Britain's £134,565-a-year Chancellor laid low today as public borrowing went up and economists predicted the nation's credit rating was about to fall.
As news broke that government borrowing went up higher than expected during December, reports surfaced that Mr Osborne had ordered ministers to plan for more spending cuts after the next election.
It's believed details of the new cuts will come in a spending review in the first six months of this year.
For the sixth month in a row government borrowing went up higher than expected. It rose £15.4 billion in December compared with £14.8bn in the same month in 2011.

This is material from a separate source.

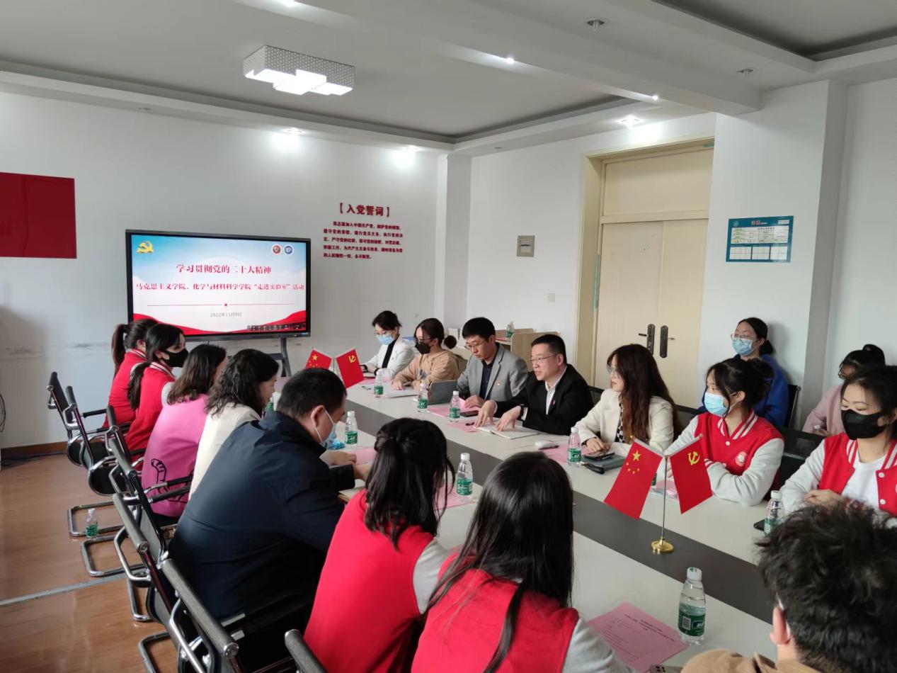 为学习贯彻党的二十大精神,促进文理学生交流交融,进一步创新理论学习形式,beat365唯一官网、化学与材料科学学院联合举办学习贯彻党的二十大精神暨“走进实验室”活动。化材学院化学教工第二党支部教师代表、首届应用化学拔尖班学生代表和马院思政课教师代表、马克思主义学生理论宣讲团党支部成员以及两个学院党委相关负责同志参加活动。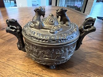 Mid-century Chinese Lidded Bronze Incense Burner Decorated with Mythological Creatures$55Round Rock, TX

But all the Treasury told the Star was that recovery in the government's finances was taking time but the economy was healing.
Shadow chief secretary to the Treasury Rachel Reeves said the government's economic plan was "hurting but not working."
The borrowing news came after an unexpected increase in November, when borrowing rose to £17.5bn, up £1.2bn from last year, after tax receipts were dented by lower energy company profits.
But borrowing for the full 2012/2013 year is expected to come in above forecasts at around £113bn, according to economist Martin Beck of consultancy Capital Economics.
This is £5bn above the tax and spending watchdog's forecast of £108bn.
All three of the major credit ratings agencies now have Britain's AAA rating on negative outlook.
ING economist James Knightley said: "The question is how long the UK can hold on to its AAA status."
With fears of a fall in Gross Domestic Product later this week foreshadowing an unprecedented triple-dip recession the risk is high.